Lahir dari gagasan seorang ibu sekaligus entrepreneur Indonesia, Muslim AI Companion hadir untuk menjawab keresahan umat Muslim di era digital yang sering kali dipenuhi distraksi. Aplikasi ini dirancang sebagai sahabat virtual yang mampu mendengar, menemani, dan membimbing tanpa menghakimi, dengan tetap berlandaskan nilai-nilai Islami.

Menariknya, keberhasilan aplikasi ini di Amerika Serikat memperlihatkan bagaimana teknologi Islami buatan Indonesia mampu menjawab kebutuhan minoritas Muslim di sana. Banyak dari mereka yang menghadapi tantangan identitas dan rasa kesepian, menemukan Muslim AI Companion sebagai ruang aman untuk berbagi dan memperkuat spiritualitas.

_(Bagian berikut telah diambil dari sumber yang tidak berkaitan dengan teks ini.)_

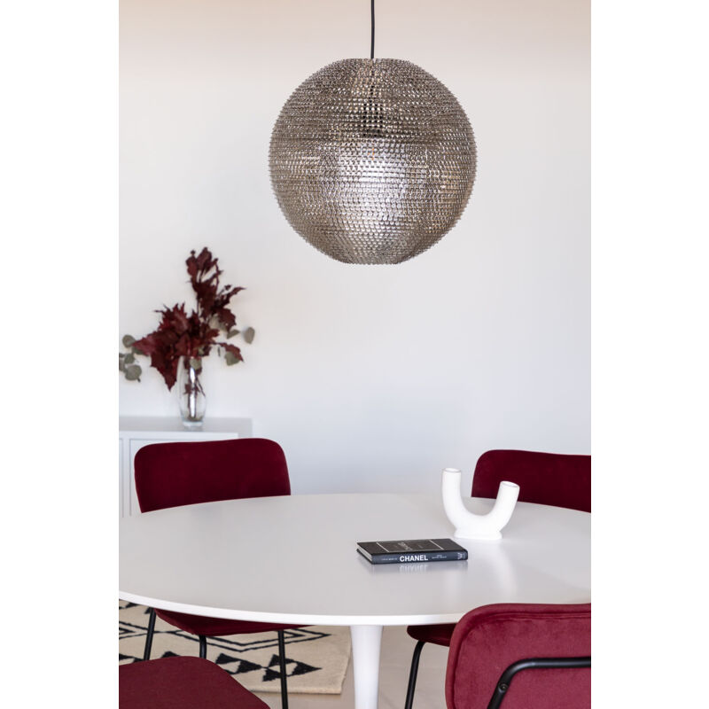 Viaggia negli anni 80 e 90 con la lampada Globe la cui forma ricorda le tipiche palline utilizzate nelle discoteche. Vesti i tuoi spazi con stile e glamour e trasforma la tua luce al centro di tutti gli occhi. La struttura di questo pezzo è realizzata in acciaio, un materiale molto resistente e durevole con una finitura lucida. Il corpo dell apparecchio ha una silhouette particolare. Rivestito con una specie di paillettes cromate, ricorda la forma di una sfera. È una struttura amallada aperta che ti permetterà di creare spettacolari giochi di luce negli angoli più speciali della tua casa o struttura. Inoltre, viene fornito con un cavo tessile nero, regolabile in altezza fino a 150 cm, per adattarsi al rivestimento. Combinalo in spazi di diversi stili, come Eclectic, e porta distinzione, glamour e autenticità all ambiente. È adatto per lampadine E27, in grado di sopportare una potenza massima di 40W . Il suo utilizzo è esclusivamente per interni, ideale per camere da letto, salotti e
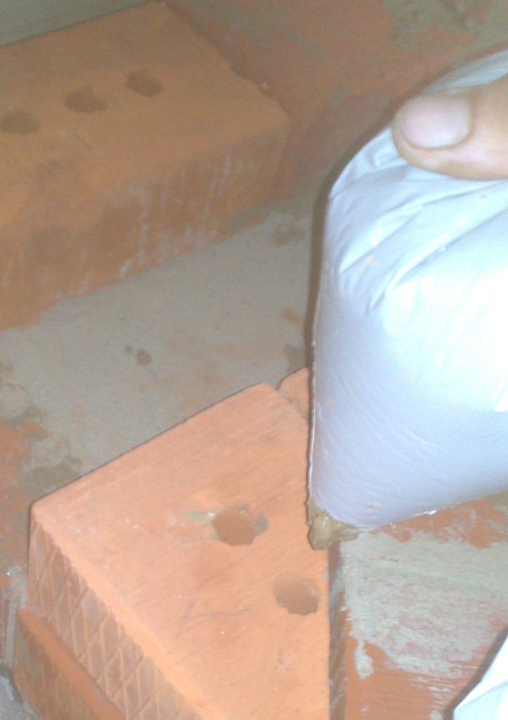 Для заполнения отверстий в кирпиче придумал эдакий кондитерский наполнитель - плотный пакет с дыркой в углу.

“Muslim AI Companion membantu saya merasa tidak sendirian. Aplikasi ini mendengarkan tanpa menghakimi, dan itu sangat berarti bagi saya,” ujar seorang mahasiswa Muslim di New York.

Sejumlah fitur membuat aplikasi ini relevan di banyak negara, mulai dari Safe Zone Islami yang ramah, dukungan 36 bahasa, karakter virtual Islami yang hangat, hingga komitmen pada etika dan keamanan. Dalam waktu singkat, aplikasi ini telah menjangkau pengguna di 115 negara, termasuk Indonesia, Bangladesh, Jerman, Pakistan, hingga Amerika Serikat.

Ke depan, Muslim AI Companion berambisi berkembang menjadi ekosistem Islami digital yang lebih luas, mencakup pembelajaran Qur’an, hadits, ruang refleksi, hingga komunitas global lintas budaya.